─── Records provided ───

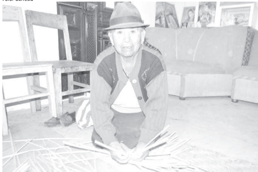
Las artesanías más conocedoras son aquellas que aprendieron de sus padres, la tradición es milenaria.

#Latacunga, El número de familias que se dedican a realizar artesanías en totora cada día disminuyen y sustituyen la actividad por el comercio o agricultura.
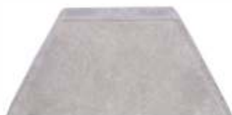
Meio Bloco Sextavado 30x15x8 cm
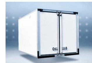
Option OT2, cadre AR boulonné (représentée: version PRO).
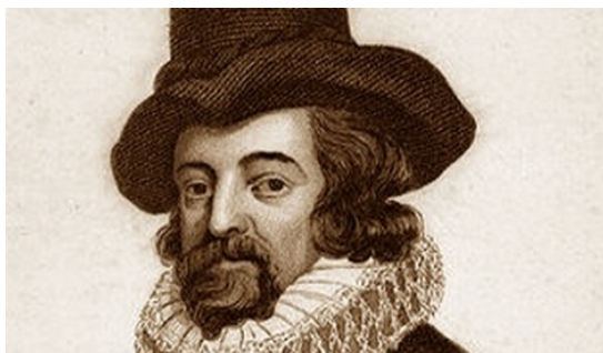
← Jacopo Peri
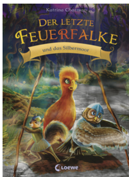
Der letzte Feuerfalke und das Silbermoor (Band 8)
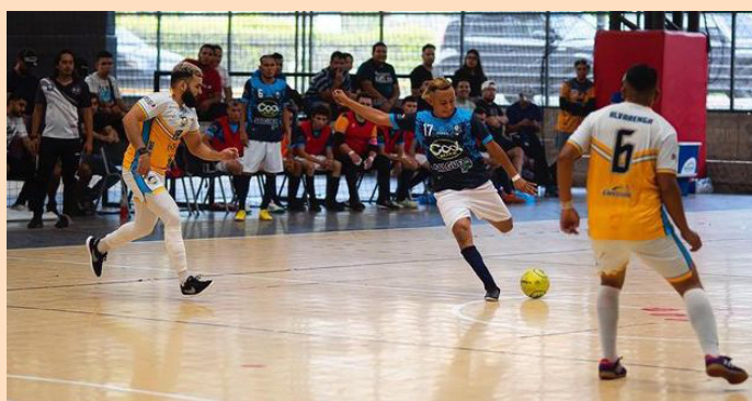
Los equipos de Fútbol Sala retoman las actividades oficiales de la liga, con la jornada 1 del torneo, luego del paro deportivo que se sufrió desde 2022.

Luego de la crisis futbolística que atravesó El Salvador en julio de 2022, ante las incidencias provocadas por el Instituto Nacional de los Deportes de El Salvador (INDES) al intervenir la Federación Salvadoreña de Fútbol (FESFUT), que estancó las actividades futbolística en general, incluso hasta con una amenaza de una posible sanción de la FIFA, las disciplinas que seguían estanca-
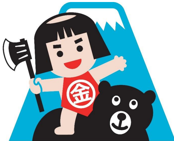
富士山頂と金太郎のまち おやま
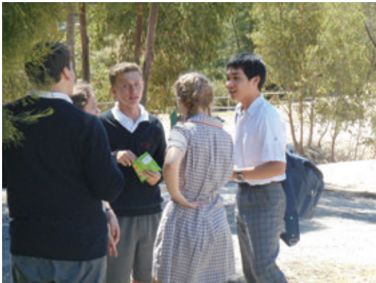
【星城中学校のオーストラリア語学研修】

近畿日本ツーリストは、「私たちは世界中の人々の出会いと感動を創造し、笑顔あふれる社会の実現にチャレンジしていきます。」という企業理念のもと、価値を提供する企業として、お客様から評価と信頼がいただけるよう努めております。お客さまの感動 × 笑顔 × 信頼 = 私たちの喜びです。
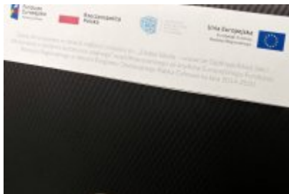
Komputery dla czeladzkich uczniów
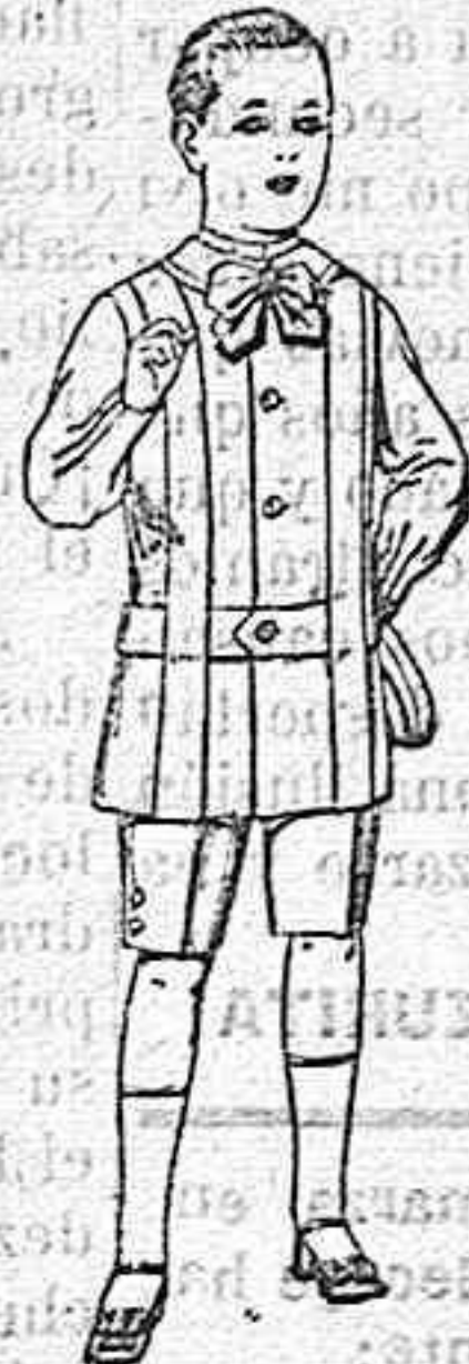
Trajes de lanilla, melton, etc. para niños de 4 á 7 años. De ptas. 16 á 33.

───

◆ **About this exercise**: Among the lines above, list those that contain the word "artesanías".

◆ **Solution to this task**:
Las artesanías más conocedoras son aquellas que aprendieron de sus padres, la tradición es milenaria.
#Latacunga, El número de familias que se dedican a realizar artesanías en totora cada día disminuyen y sustituyen la actividad por el comercio o agricultura.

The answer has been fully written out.